## PROBLEM STATEMENT
Repeat every line of the data exactly; the pictures stay out.

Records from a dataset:
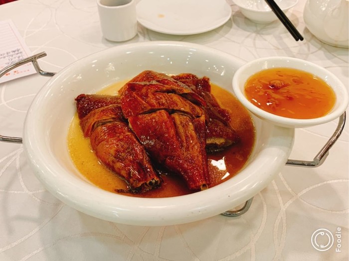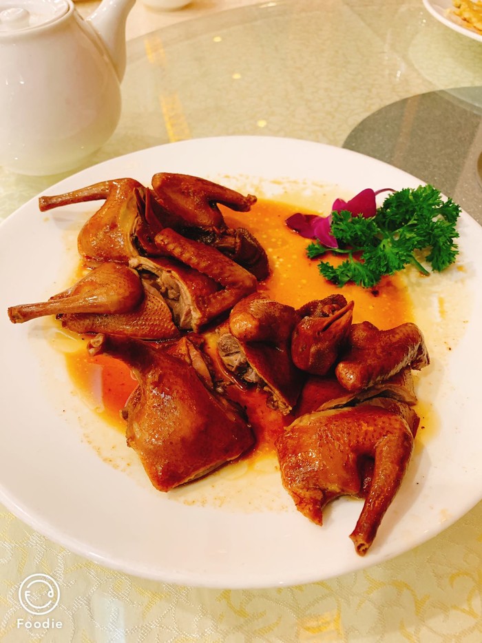 简单说下吃完的感觉,在魔都待久了看到顺德这边菜的分量着实被惊到了,菜的味道挺清淡的,乳鸽不像上海茶餐厅那种脆脆的感觉,不过味道也很好,拼盘里的烧肉老爸老妈一致给了好评,皮烤的脆脆的,金钱肚里的豆腐吸了满满的卤水汁很好吃,茶水位是每人5元,一共付款406元,性价比一般般吧
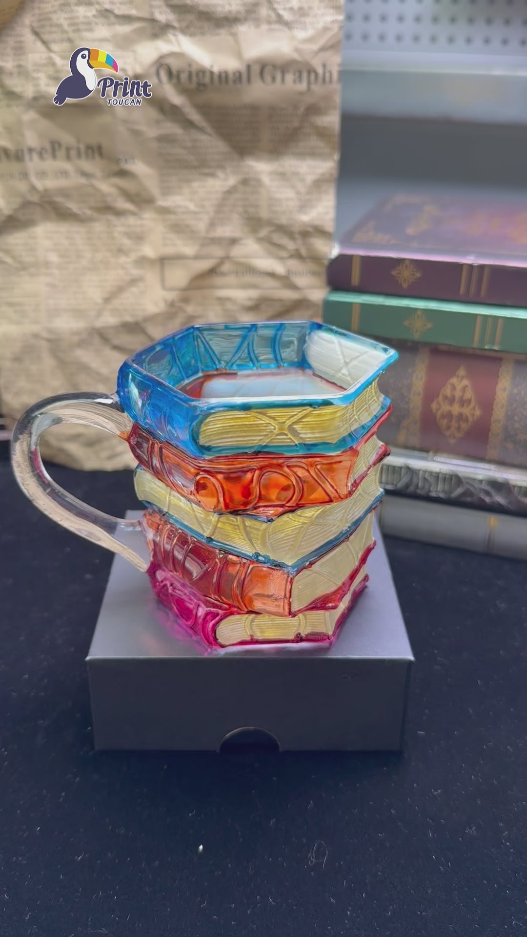 3D Painted Book Coffee Mug Glass Stained-Color Book Stack Design Literary Gift PrintToucan
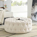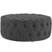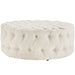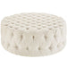 Inspire your décor with the Amour Round Ottoman. Fashionably chic with a refreshing look, Amour features a luxuriously tufted round design with dense foam padding, fine fabric upholstery, and non-marking black plastic legs. Rest your feet, display some favorite magazines, and accent your bedroom, living room, lounge or meeting area décor with this stylish well-designed addition to your modern home or office.
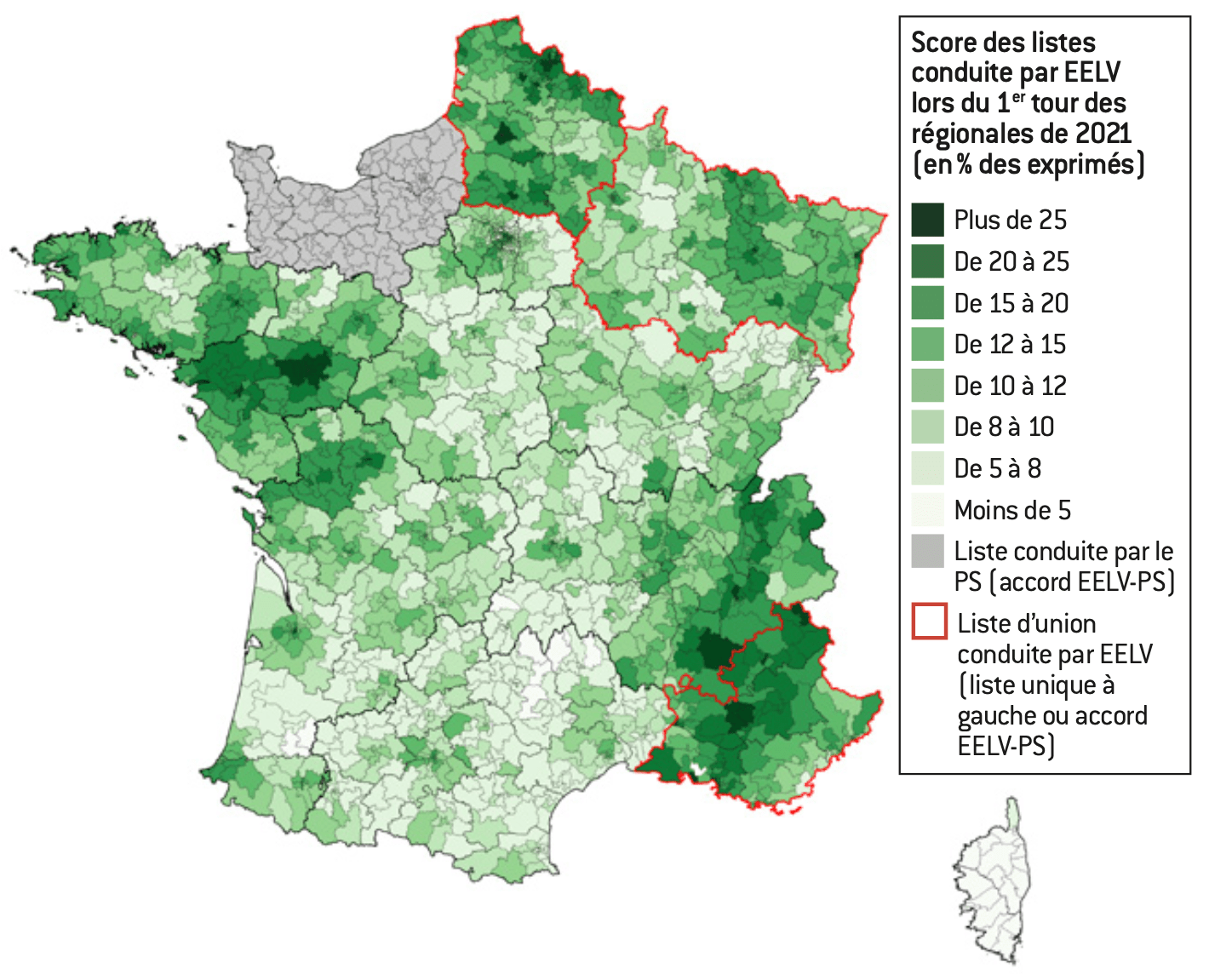 Dans les cinq régions qu’elle dirige, si la gauche s’est présentée moins divisée en 2021 du fait de la disparition des petites listes, ses trois principales composantes se sont néanmoins alignées séparément dans quatre régions (Bourgogne-Franche-Comté, Bretagne, Nouvelle-Aquitaine et Occitanie). Pour EELV, la volonté de faire valoir l’évolution du rapport de force au sein de la gauche, où l’affaiblissement du PS et la montée en puissance d’EELV se sont confirmés après 2017, a manifestement été plus forte dans les régions où la gauche était sortante. À l’inverse, les cadres du PS, en position de force, étaient sans doute moins intéressés pour faire des concessions afin de parvenir à une hypothétique union. À ce titre, le cas de l’Occitanie est éclairant : un an après l’accession des Verts au second tour des élections municipales à Toulouse, non seulement aucun accord de premier tour n’a été réalisé mais la liste régionale menée par le candidat écologiste à la mairie de Toulouse, Antoine Maurice, et celle de la présidente sortante de la région, Carole Delga, n’ont pas réussi à s’entendre en vue du second tour, pour lequel les listes EELV n’étaient pas qualifiées7.
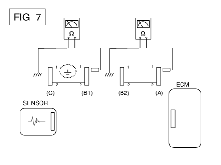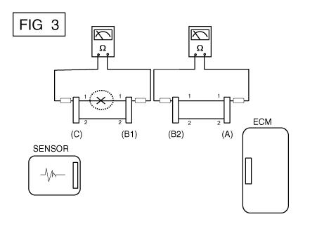 Отсоедините разъем (В) и измерьте сопротивление между
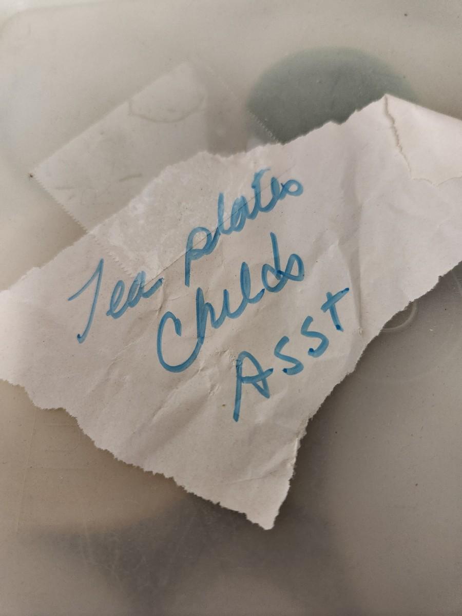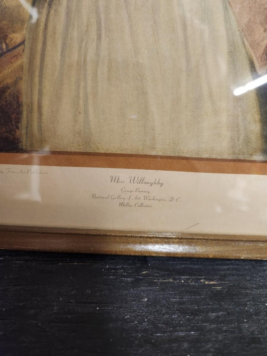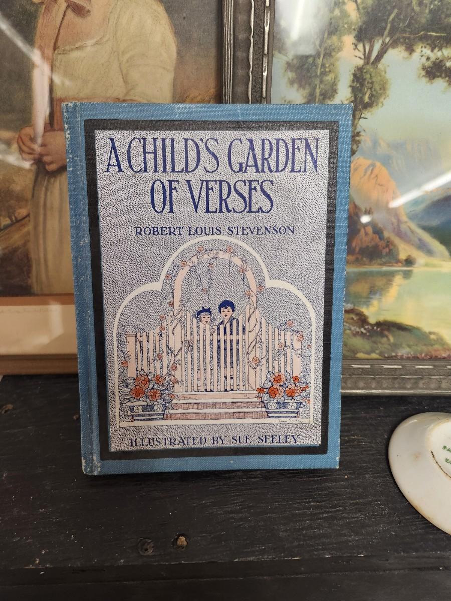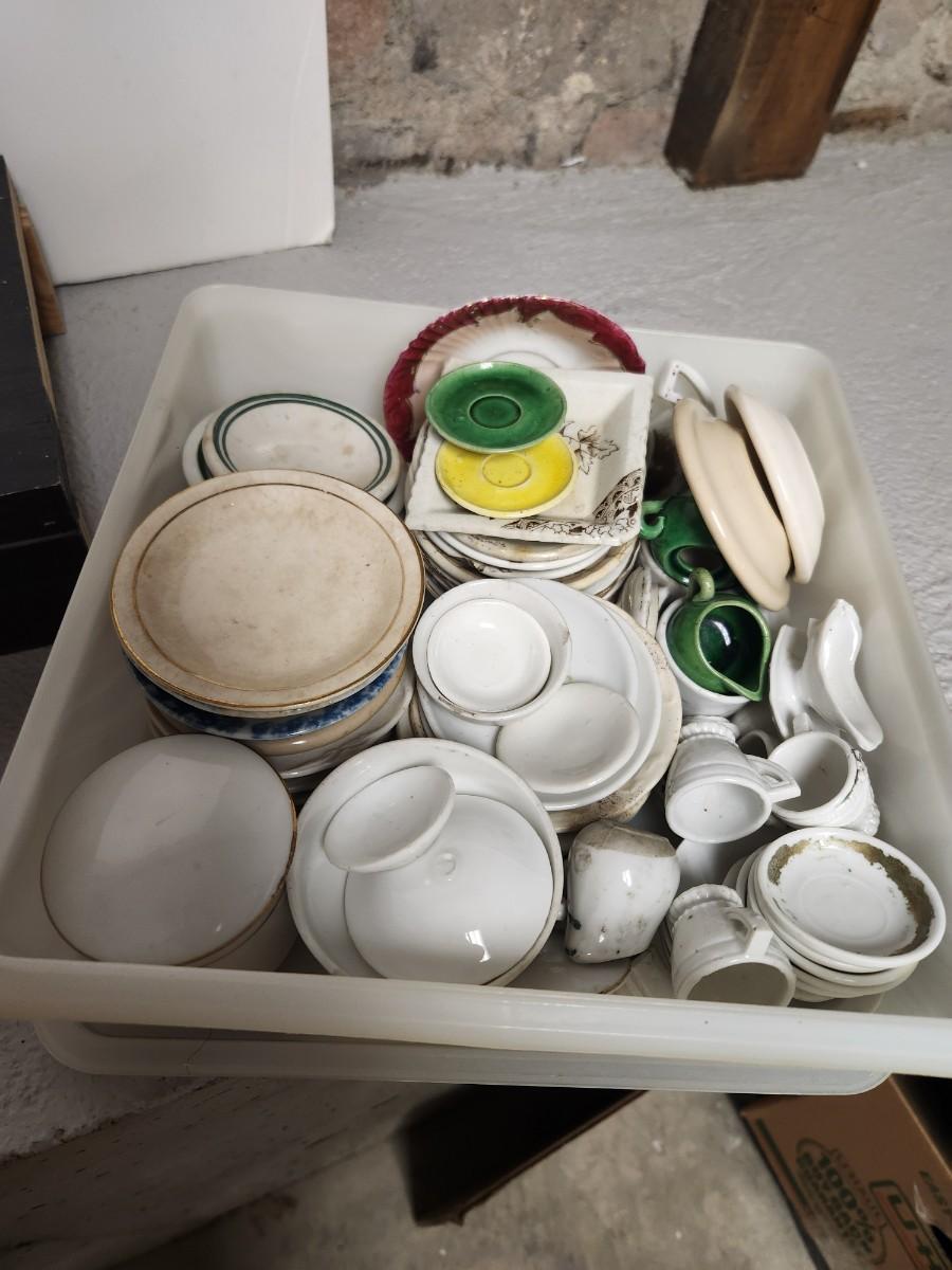 2 really great prints, sweet old book and a Tupperware full of antique children play dishes.
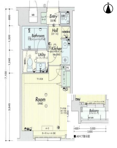 | その他費用 | -円 | 間取り | 1K | 専有面積 | 25.56㎡(壁芯) | バルコニー | 3.9㎡ |
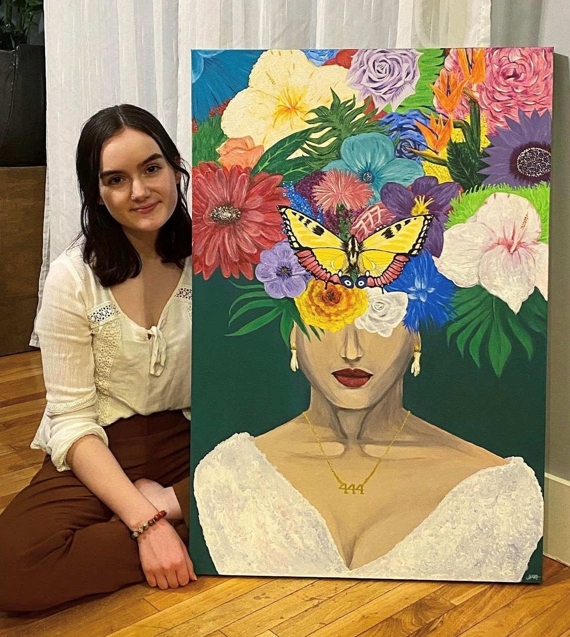 18-year-old Isabella MacLean poses by her painting which is the cover art for the 31st annual Celebration of the Arts
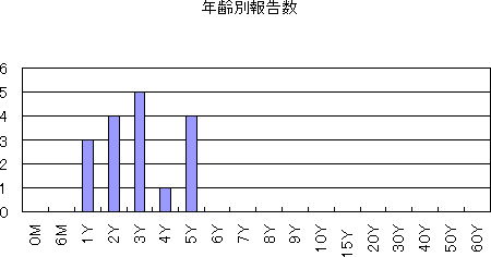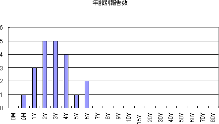 2009年第43週から2010年第15週までの年齢別報告数は次の図のとおりです。0歳児で最も多く、1歳児、2歳児の順で、6歳児までの報告でした。
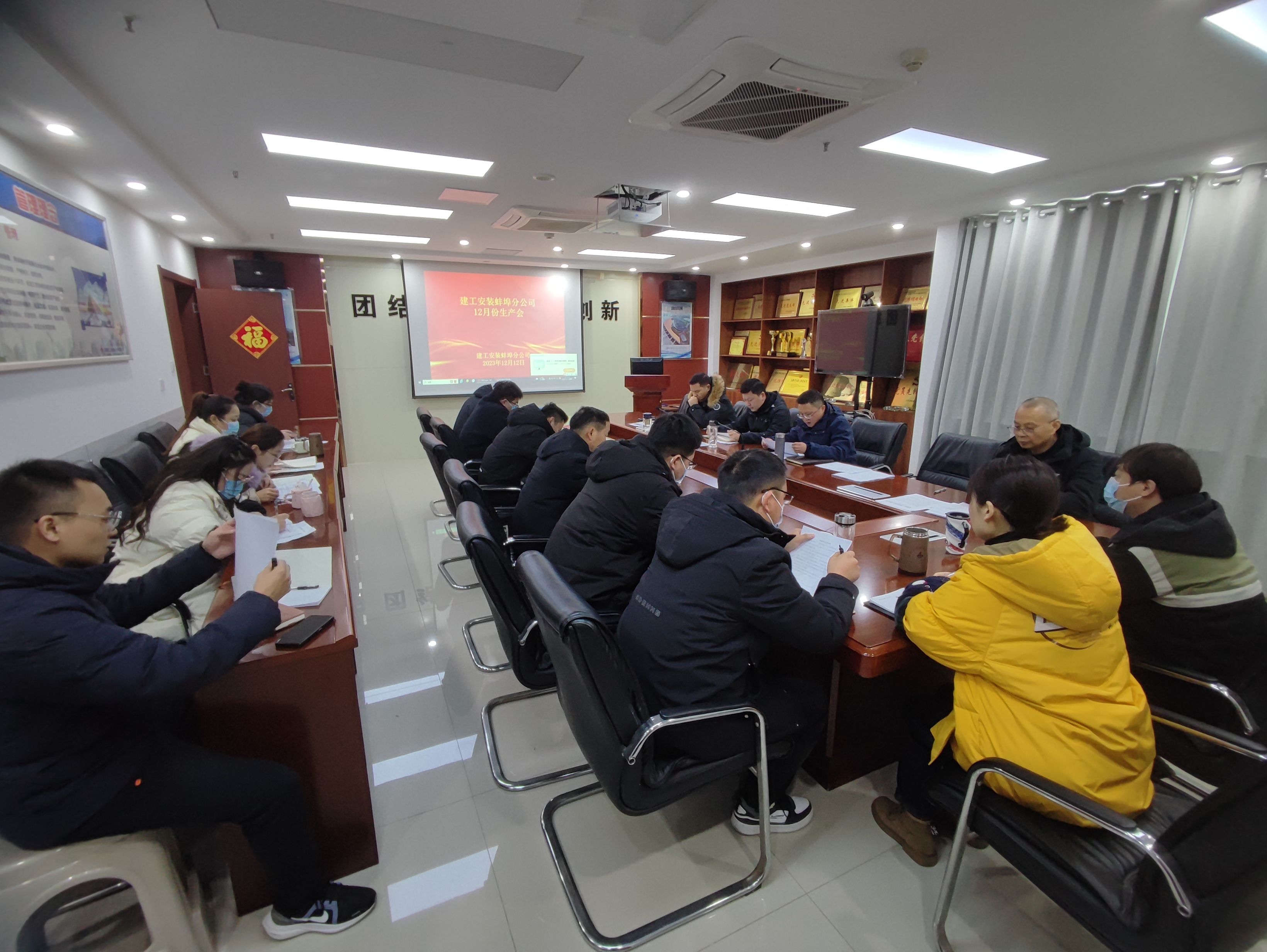 12月12日上午,建工安裝蚌埠分公司在機關會議室召開12月份生產安全經營會,分公司領導班子成員、各項目主要負責人、機關各部門負責人及工程部全體員工參加會議,會議由分公司副經理郭洋主持。
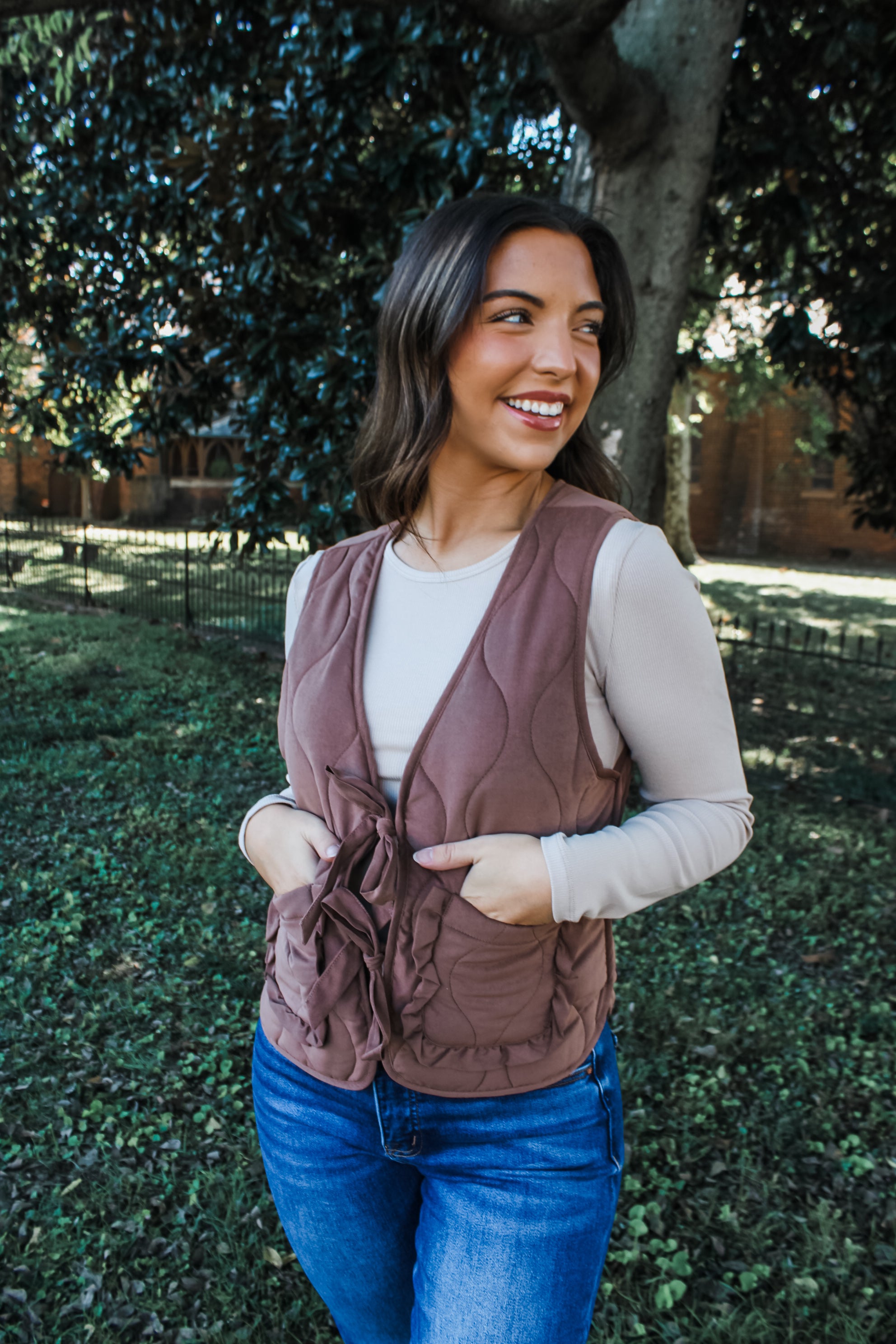Elevate your wardrobe with effortless layers and cozy charm. Crafted from a quilted fabrication, this sweet vest is a versatile look with many styling possibilities. Featuring an open front with a bow tie closure, double pockets with ruffle trim detailing, and an easy fit for style and layering.

## EXERCISE SOLUTION
 简单说下吃完的感觉,在魔都待久了看到顺德这边菜的分量着实被惊到了,菜的味道挺清淡的,乳鸽不像上海茶餐厅那种脆脆的感觉,不过味道也很好,拼盘里的烧肉老爸老妈一致给了好评,皮烤的脆脆的,金钱肚里的豆腐吸了满满的卤水汁很好吃,茶水位是每人5元,一共付款406元,性价比一般般吧
 3D Painted Book Coffee Mug Glass Stained-Color Book Stack Design Literary Gift PrintToucan
 Inspire your décor with the Amour Round Ottoman. Fashionably chic with a refreshing look, Amour features a luxuriously tufted round design with dense foam padding, fine fabric upholstery, and non-marking black plastic legs. Rest your feet, display some favorite magazines, and accent your bedroom, living room, lounge or meeting area décor with this stylish well-designed addition to your modern home or office.
 Dans les cinq régions qu’elle dirige, si la gauche s’est présentée moins divisée en 2021 du fait de la disparition des petites listes, ses trois principales composantes se sont néanmoins alignées séparément dans quatre régions (Bourgogne-Franche-Comté, Bretagne, Nouvelle-Aquitaine et Occitanie). Pour EELV, la volonté de faire valoir l’évolution du rapport de force au sein de la gauche, où l’affaiblissement du PS et la montée en puissance d’EELV se sont confirmés après 2017, a manifestement été plus forte dans les régions où la gauche était sortante. À l’inverse, les cadres du PS, en position de force, étaient sans doute moins intéressés pour faire des concessions afin de parvenir à une hypothétique union. À ce titre, le cas de l’Occitanie est éclairant : un an après l’accession des Verts au second tour des élections municipales à Toulouse, non seulement aucun accord de premier tour n’a été réalisé mais la liste régionale menée par le candidat écologiste à la mairie de Toulouse, Antoine Maurice, et celle de la présidente sortante de la région, Carole Delga, n’ont pas réussi à s’entendre en vue du second tour, pour lequel les listes EELV n’étaient pas qualifiées7.
 Отсоедините разъем (В) и измерьте сопротивление между
 2 really great prints, sweet old book and a Tupperware full of antique children play dishes.
 | その他費用 | -円 | 間取り | 1K | 専有面積 | 25.56㎡(壁芯) | バルコニー | 3.9㎡ |
 18-year-old Isabella MacLean poses by her painting which is the cover art for the 31st annual Celebration of the Arts
 2009年第43週から2010年第15週までの年齢別報告数は次の図のとおりです。0歳児で最も多く、1歳児、2歳児の順で、6歳児までの報告でした。
 12月12日上午,建工安裝蚌埠分公司在機關會議室召開12月份生產安全經營會,分公司領導班子成員、各項目主要負責人、機關各部門負責人及工程部全體員工參加會議,會議由分公司副經理郭洋主持。
Elevate your wardrobe with effortless layers and cozy charm. Crafted from a quilted fabrication, this sweet vest is a versatile look with many styling possibilities. Featuring an open front with a bow tie closure, double pockets with ruffle trim detailing, and an easy fit for style and layering.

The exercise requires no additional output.